In deze zaak gaat het om de verlenging van de ondertoezichtstelling van twee minderjarigen, [de minderjarige 1] en [de minderjarige 2], die sinds 15 mei 2017 onder toezicht staan van de gecertificeerde instelling (GI). De vader, die in hoger beroep is gegaan, verzoekt de beschikking van de rechtbank Limburg van 14 mei 2018 te vernietigen, waarin de ondertoezichtstelling werd verlengd tot 15 mei 2019. De vader betwist de noodzaak van de ondertoezichtstelling en stelt dat deze te laat is ingediend en onvoldoende gemotiveerd is. Hij verzoekt ook om vervanging van de GI door het Leger des Heils of een andere instelling.
De GI en de moeder verzetten zich tegen de verzoeken van de vader. De GI stelt dat de ondertoezichtstelling noodzakelijk is vanwege de instabiele opvoedsituatie en de emotionele veiligheid van de kinderen. De moeder ondersteunt de GI en wijst erop dat er geen sprake is van een vechtscheiding, zoals de vader beweert. De mondelinge behandeling vond plaats op 9 oktober 2018, waarbij de vader, de GI en de moeder aanwezig waren. De Raad voor de Kinderbescherming heeft niet ter zitting verschenen.
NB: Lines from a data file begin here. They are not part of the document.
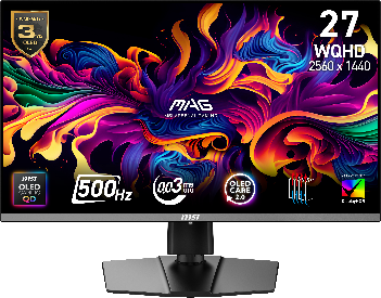 MAG 272QP QD-OLED X50流光顯示器,是微星科技首款27吋2K 500Hz QD-OLED電競顯示器,搭載Samsung Display最新第四代QD-OLED面板,具備500Hz超高刷新率,呈現出色的清晰度、迅捷的反應速度與鮮艷色彩,專為電競玩家打造。其0.03ms GTG反應時間與超低輸入延遲,讓玩家在激烈戰局中執行操作更加精準。通過VESA ClearMR 21000與DisplayHDR True Black 500雙重認證,確保極致動態清晰度與沉浸式視覺體驗,成為競技玩家不可或缺的終極利器。
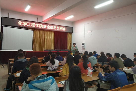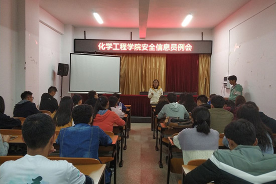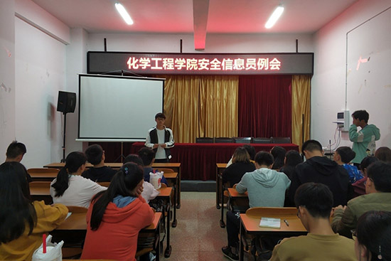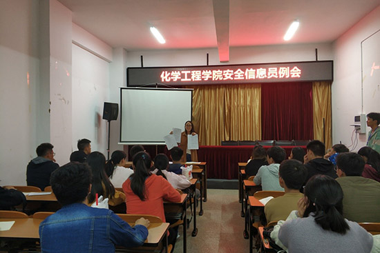 2018年10月23日晚19:00,色漫 勤助会在化工楼负一楼报告厅召开了安全信息员例会。勤助会指导老师杨欢老师、18级辅导员罗晓菲老师出席本次例会;各班安全信息员及勤助会工作人员共同参与例会。本次例会由勤助会王康富主持。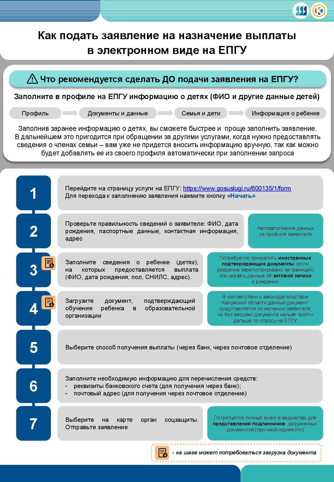 Подать заявление можно в Управление соцзащиты или МФЦ. Также сейчас ведутся работы для того, чтобы в будущем заявление можно было подавать через Госуслуги. Из документов гражданам понадобятся: паспорта, СНИЛС, свидетельства о рождении детей и реквизиты счёта. Еще одно условие – дети должны обучаться на территории Калужской области.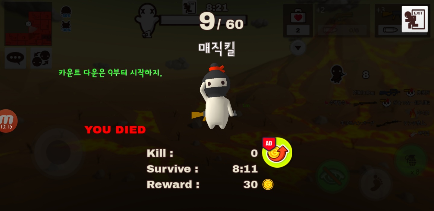 이럴수가!9위라니!평소엔 40위 정도 하는데!자리를 잘 잡았네요!빨리 불 타지 않는 곳으로 갓 그런가봐요!다음에도 이 자리로 와야지~어쨌든 가장 어이없는 방법으로 죽었습니다.바로 낙사...불 타는게 예고 되서 황급히 도망치려다가 이렇게 됬네여 ㅠㅠ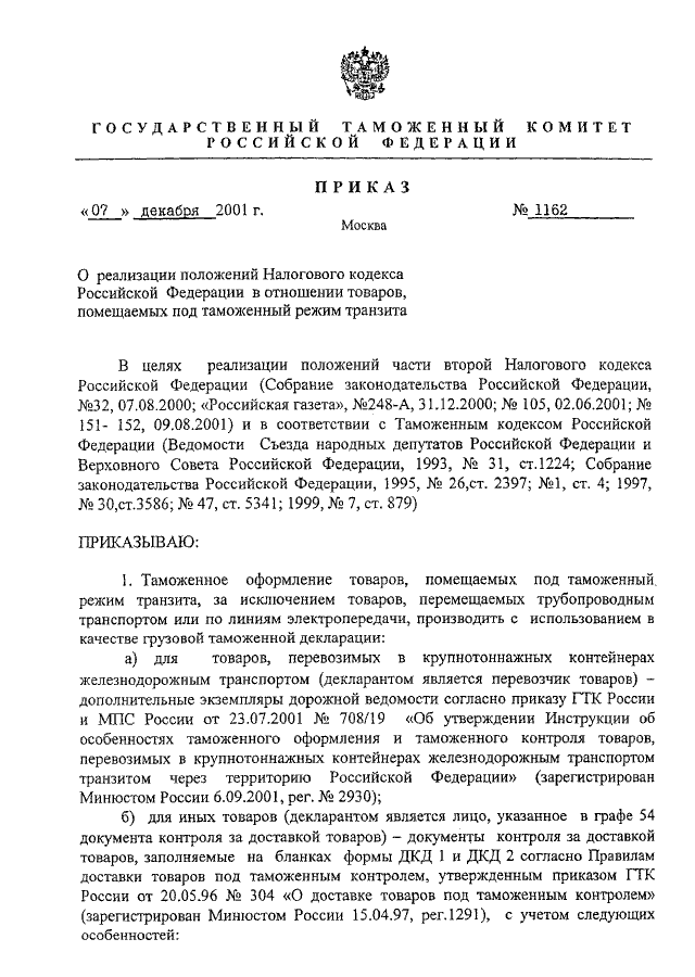 ПРИКАЗ ГТК РФ от 07.12.2001 N 1162

Het hof oordeelt dat de ondertoezichtstelling gerechtvaardigd is op basis van de wettelijke vereisten en dat de kinderen ernstig in hun ontwikkeling worden bedreigd door de conflicten tussen de ouders. De vader wordt niet-ontvankelijk verklaard in zijn verzoek om vervanging van de GI, en de beschikking van de rechtbank wordt bekrachtigd. Het hof benadrukt dat de hulpverlening noodzakelijk is om de ontwikkelingsbedreigingen van de kinderen weg te nemen en dat er geen communicatie tussen de ouders plaatsvindt, wat de situatie verergert.